Румянец заиграл на высоких скулах Балашовой, круглые коричневые глаза весело заблестели, смешно и точно, как тогда про провинившуюся курицу, она рассказала про недавно назначенного к ним директора театра, который на просьбу Захарова дать возможность ему поставить «Федора Иоанновича» Алексея Толстого деловито ответил:
– Федора Ивановича? Это про чего же?
– Он – дурак, понимаете? – держа чашку возле рта, говорила Балашова. – Советская власть не первый год, кричать о том, что «мы в гимназиях не обучены», больше никто, из нашего, по крайней мере, поколения, не имеет права, есть у нас и Дома культуры, и великолепные, причем совершенно бесплатные библиотеки, и все возможности заниматься самообразованием. Только тупая и самодовольная глупость может позволить себе не знать азы, находясь на руководящей идеологической работе. Ему тридцать два года, директору, а он только и умеет, что кичиться своим рабочим происхождением. Недавно, между прочим, у нас была зрительская конференция в театре, вот наш директор и стал сражаться с одним зрителем, совершенно, кстати, профессорской внешности. Внушал этому самому зрителю, что в нем мертвый тянет живого, как во всей интеллигенции. Тот вдруг и огрызнулся – показал зубки: токарь он какого-то наивысшего разряда. Абсолютно образованный, истинно интеллигентный человек, с широким кругозором, с великолепным юмором. Под овацию буквально говорил. «Мы, говорит, класс, а не люмпены, и если моему поколению в гимназиях действительно, по ряду объективных причин, как-то: бои за революцию и все такое прочее, обучиться не удалось, то с вас мы сурово спросим, потому что вот этими руками, товарищ директор театра, мы вам все возможности завоевали для нормальной учебы и для того, чтобы вы были не всезнайками, а знающими товарищами…»
– И чем же кончилось? – спросил Лапшин.
– А ничем! – сердито ответила Балашова. – Лихорадит театр, тянется глупая и утомительная склока, к директору можно войти, только доложившись через секретаршу, уныло все до слез…
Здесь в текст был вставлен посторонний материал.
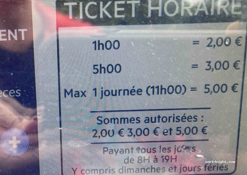 2 Parkings payants de 9 h a 19 h dimanche et jours fériés. Interdit de 20h à 08h.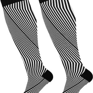 Black Wavy Stripes White Fashion Socks for Women and Men Sport Knee High Compression Socks Support for Running Hiking Fitness

– Так почему же вам вашего директора не снять? – удивленно осведомился Лапшин. – У нас же советская власть. Соберитесь, попросите, чтобы вас кто-либо принял из секретарей городского комитета, вас примут, не могут не принять, вас же очень – артистов – уважают, я все по правде расскажите. Дескать, малый он не плохой, но только дурак! Вот как вы мне говорили, так и там расскажите. Все, можно выразиться, единым фронтом…
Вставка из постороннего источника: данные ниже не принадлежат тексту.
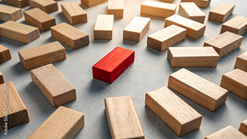 Red Block Standing Out Symbolic Representation of Being Different and Unique in a Crowd The Leader in the Center One Red Wooden Rectangle Surrounded by Identical Natural Blocks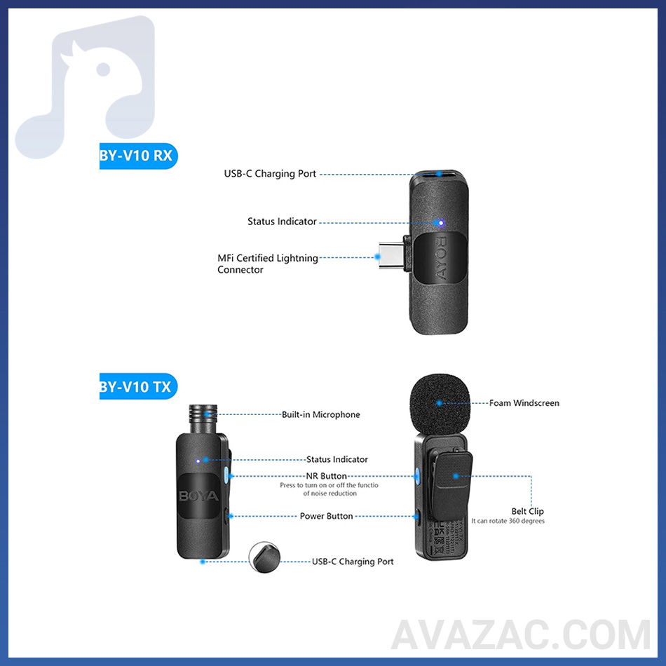 مشخصات ظاهری میکروفون یقه ای بی سیم بویا BY-V20 رابط تایپ سی نیز شامل موارد زیر خواهد شد.

– Нет у нас единого фронта, – грустно
– Это как же так?
– А так, что некоторые с ним в хороших отношениях я не рискнут…
– Ну, тогда я не знаю, – сказал Лапшин. – Тогда…
– Вот то-то и оно-то!
И, раздражаясь все больше и больше на свой театр и на своих товарищей по работе, Балашова стала быстро и неловко объяснять всю «сложность» театрального быта, маленькие тамошние страстишки, борьбу интересов, а Лапшин строго смотрел на Катерину Васильевну и думал о том, что эту совершенно неизвестную ему женщину с тревожным, неспокойным взглядом коричневых глаз он бы сейчас, сию минуту мог увести к себе, напоить не теплыми помоями из полупростывшего чайника, а горячим, золотистым, душистым чаем, уложить в постель, укрыть и сказать слова, которые никогда еще в жизни не говорил никому: «Спи, жена! Успокойся! Перестань дрожать, и ладошки стискивать, и волноваться. Отоспись! Утром изжарю я тебе яишню с салом, еще поспишь, я уйду на работу и буду помнить, что в глупой комнате моей ждет меня жена. Я тебе звонить буду раз или два в день, как делают это мои товарищи, и говорить буду служебным, сухим, деловым голосом, как все они говорят: «Это я. Как там? У меня нормально. Нет, задерживаюсь. А это поставь в духовку, сам отыщу. С пламенным!»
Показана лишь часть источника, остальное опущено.